Without the pictures, give every record again exactly.

[Supplied data — start]

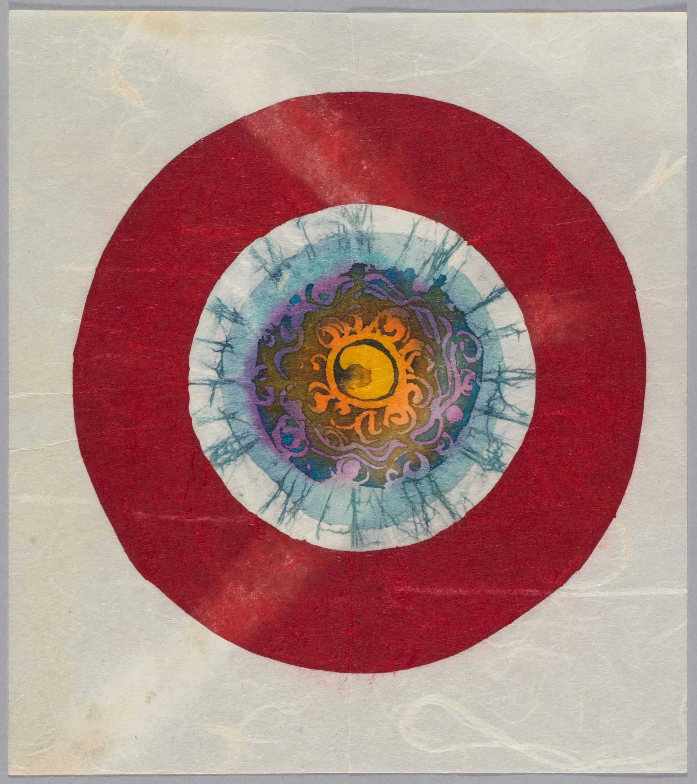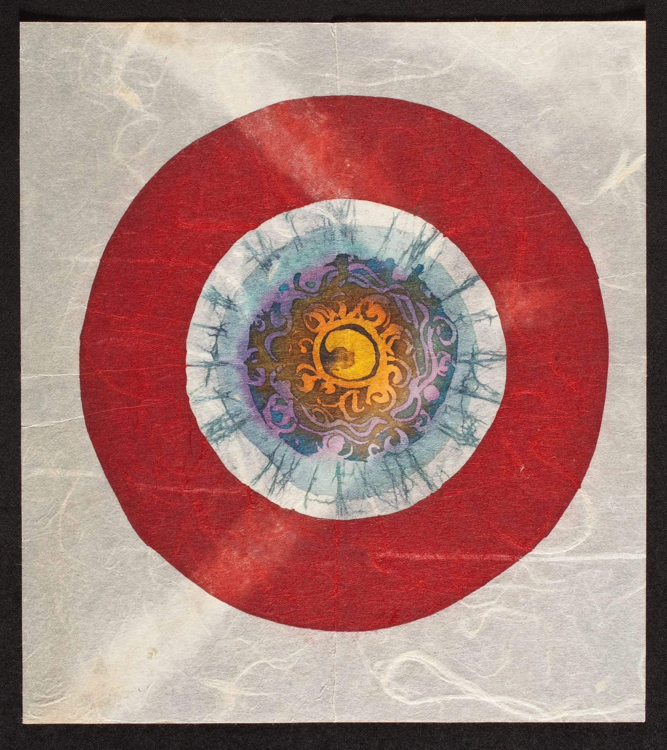 Mixed-media work on thin paper, concentric circles centered on the composition: a bold red outer ring, a white and pale blue middle band with crackled vein-like markings, and a central medallion of ornate scrollwork in orange, gold, purple, and teal.
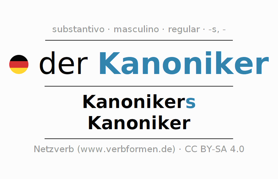 A declinação do substantivo Kanoniker (cânonigo) está no genitivo singular Kanonikers e no nominativo plural Kanoniker . O substantivo forte Kanoniker é declinado com a terminação s/-. O gênero gramatical de Kanoniker é masculino e o artigo definido é 'der'. Não se pode somente declinar o substantivo Kanoniker mas sim todos os substantivos em alemão. Comentários ☆
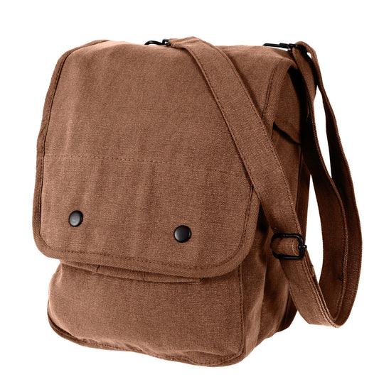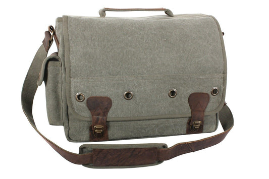 Vintage Canvas Messenger Shoulder Bag with Brass Hardware
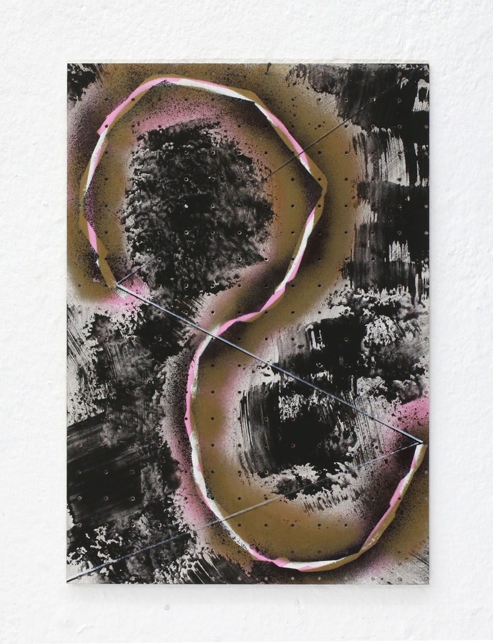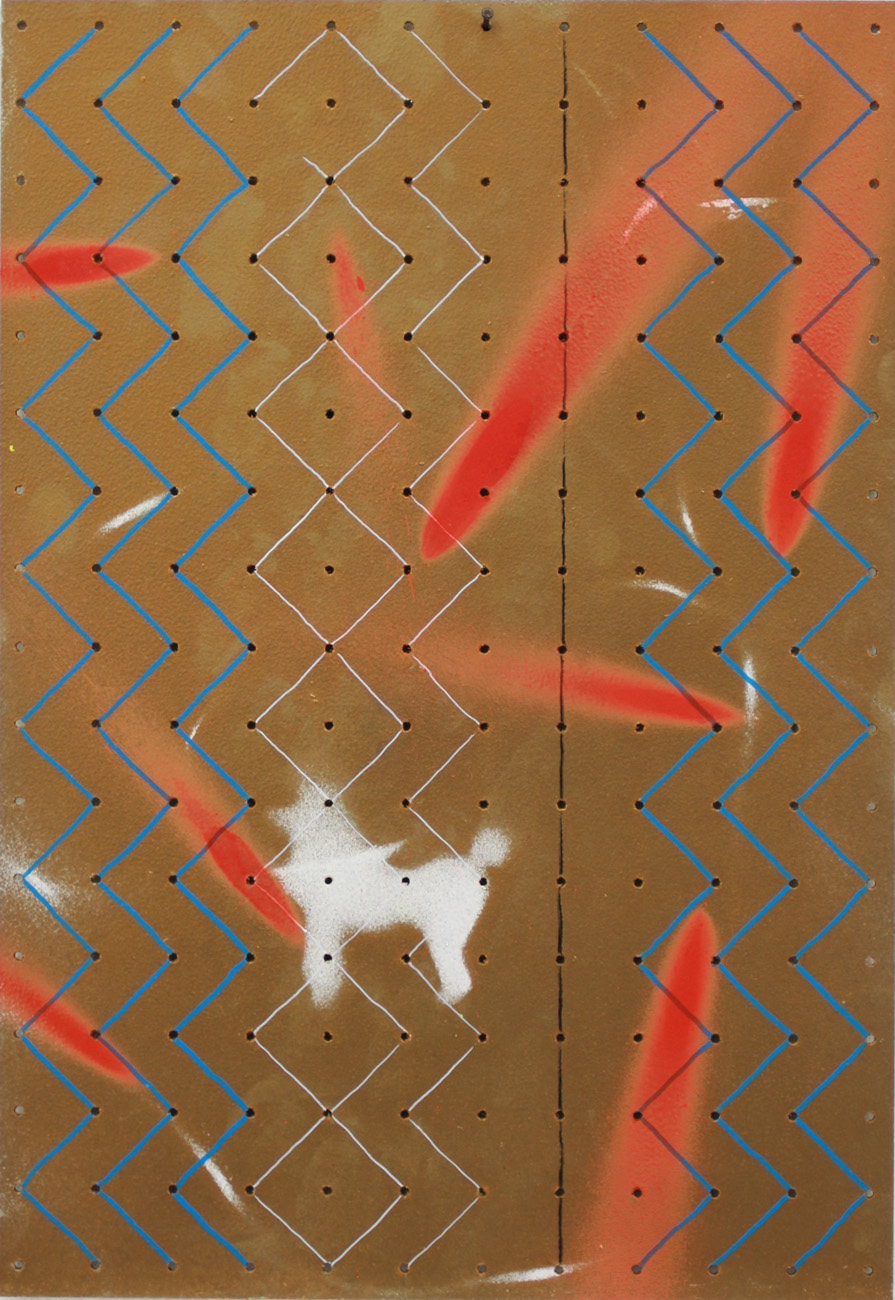 DES PUDELS KERN, acrylic on perforated plate, 42 x 29 cm, 2017
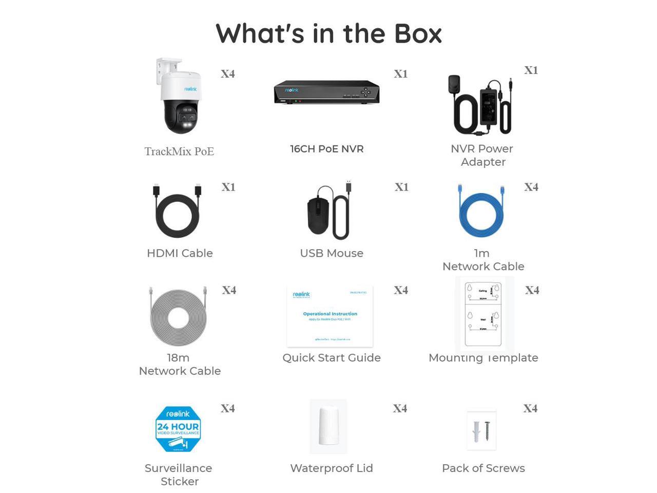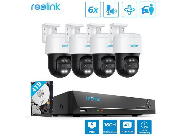 REOLINK 16CH 4K PTZ Security System, 4pcs Trackmix PoE, IP PoE Outdoor Cameras 6X Hybrid Zoom, Auto Tracking, Human/Vehicle/Pet Detection +1pc RLN16-410 8CH NVR with Built-in 4TB HDD H.265

[Supplied data — finish]

Task output ->
 Mixed-media work on thin paper, concentric circles centered on the composition: a bold red outer ring, a white and pale blue middle band with crackled vein-like markings, and a central medallion of ornate scrollwork in orange, gold, purple, and teal.
 A declinação do substantivo Kanoniker (cânonigo) está no genitivo singular Kanonikers e no nominativo plural Kanoniker . O substantivo forte Kanoniker é declinado com a terminação s/-. O gênero gramatical de Kanoniker é masculino e o artigo definido é 'der'. Não se pode somente declinar o substantivo Kanoniker mas sim todos os substantivos em alemão. Comentários ☆
 Vintage Canvas Messenger Shoulder Bag with Brass Hardware
 DES PUDELS KERN, acrylic on perforated plate, 42 x 29 cm, 2017
 REOLINK 16CH 4K PTZ Security System, 4pcs Trackmix PoE, IP PoE Outdoor Cameras 6X Hybrid Zoom, Auto Tracking, Human/Vehicle/Pet Detection +1pc RLN16-410 8CH NVR with Built-in 4TB HDD H.265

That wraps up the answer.